#### What you are asked to do
Everything in the listing below from the line containing "az etkileri vardır." through the line containing "在雙曲線法的基礎上,結合大量" must be repeated exactly; the remaining lines are not wanted.

#### Information provided
-- Opening Marker --

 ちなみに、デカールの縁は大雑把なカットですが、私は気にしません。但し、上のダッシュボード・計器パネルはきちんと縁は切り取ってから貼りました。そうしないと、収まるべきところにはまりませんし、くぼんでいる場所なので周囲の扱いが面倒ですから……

-- Closing Marker --
-- Opening Marker --

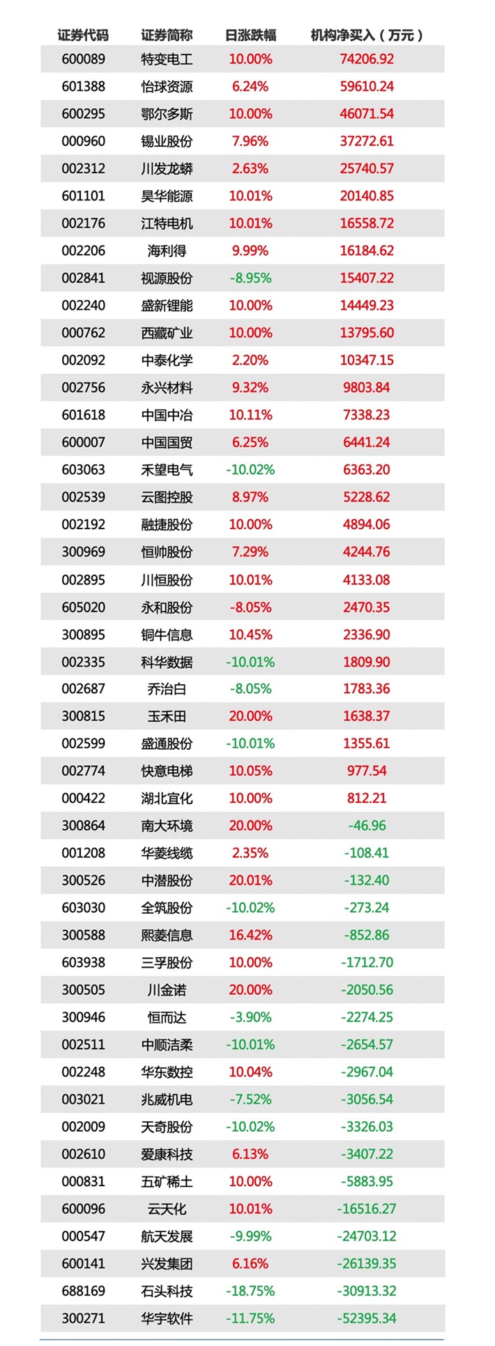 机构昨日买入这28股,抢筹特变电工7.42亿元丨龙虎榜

-- Closing Marker --
-- Opening Marker --

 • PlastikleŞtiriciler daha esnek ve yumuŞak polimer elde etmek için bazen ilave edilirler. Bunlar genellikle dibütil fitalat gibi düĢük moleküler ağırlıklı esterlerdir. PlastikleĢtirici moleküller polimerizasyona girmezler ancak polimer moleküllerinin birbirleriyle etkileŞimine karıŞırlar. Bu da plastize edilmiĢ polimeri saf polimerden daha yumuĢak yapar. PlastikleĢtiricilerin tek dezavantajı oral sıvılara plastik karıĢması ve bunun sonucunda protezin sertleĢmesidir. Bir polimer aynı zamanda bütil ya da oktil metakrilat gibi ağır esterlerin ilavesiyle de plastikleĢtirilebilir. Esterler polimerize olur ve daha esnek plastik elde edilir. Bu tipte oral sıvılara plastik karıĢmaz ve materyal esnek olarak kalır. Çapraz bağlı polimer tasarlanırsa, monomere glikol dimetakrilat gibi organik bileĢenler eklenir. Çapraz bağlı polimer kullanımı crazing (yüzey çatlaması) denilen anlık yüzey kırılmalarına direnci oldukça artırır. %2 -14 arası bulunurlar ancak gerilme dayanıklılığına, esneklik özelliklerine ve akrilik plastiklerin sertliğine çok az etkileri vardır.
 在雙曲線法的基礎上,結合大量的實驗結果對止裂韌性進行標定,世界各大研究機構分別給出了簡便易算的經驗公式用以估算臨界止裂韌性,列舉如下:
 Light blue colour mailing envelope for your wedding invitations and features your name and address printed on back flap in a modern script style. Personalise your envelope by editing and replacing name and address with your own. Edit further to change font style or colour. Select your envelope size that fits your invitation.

-- Closing Marker --

#### Your solution
 • PlastikleŞtiriciler daha esnek ve yumuŞak polimer elde etmek için bazen ilave edilirler. Bunlar genellikle dibütil fitalat gibi düĢük moleküler ağırlıklı esterlerdir. PlastikleĢtirici moleküller polimerizasyona girmezler ancak polimer moleküllerinin birbirleriyle etkileŞimine karıŞırlar. Bu da plastize edilmiĢ polimeri saf polimerden daha yumuĢak yapar. PlastikleĢtiricilerin tek dezavantajı oral sıvılara plastik karıĢması ve bunun sonucunda protezin sertleĢmesidir. Bir polimer aynı zamanda bütil ya da oktil metakrilat gibi ağır esterlerin ilavesiyle de plastikleĢtirilebilir. Esterler polimerize olur ve daha esnek plastik elde edilir. Bu tipte oral sıvılara plastik karıĢmaz ve materyal esnek olarak kalır. Çapraz bağlı polimer tasarlanırsa, monomere glikol dimetakrilat gibi organik bileĢenler eklenir. Çapraz bağlı polimer kullanımı crazing (yüzey çatlaması) denilen anlık yüzey kırılmalarına direnci oldukça artırır. %2 -14 arası bulunurlar ancak gerilme dayanıklılığına, esneklik özelliklerine ve akrilik plastiklerin sertliğine çok az etkileri vardır.
 在雙曲線法的基礎上,結合大量的實驗結果對止裂韌性進行標定,世界各大研究機構分別給出了簡便易算的經驗公式用以估算臨界止裂韌性,列舉如下:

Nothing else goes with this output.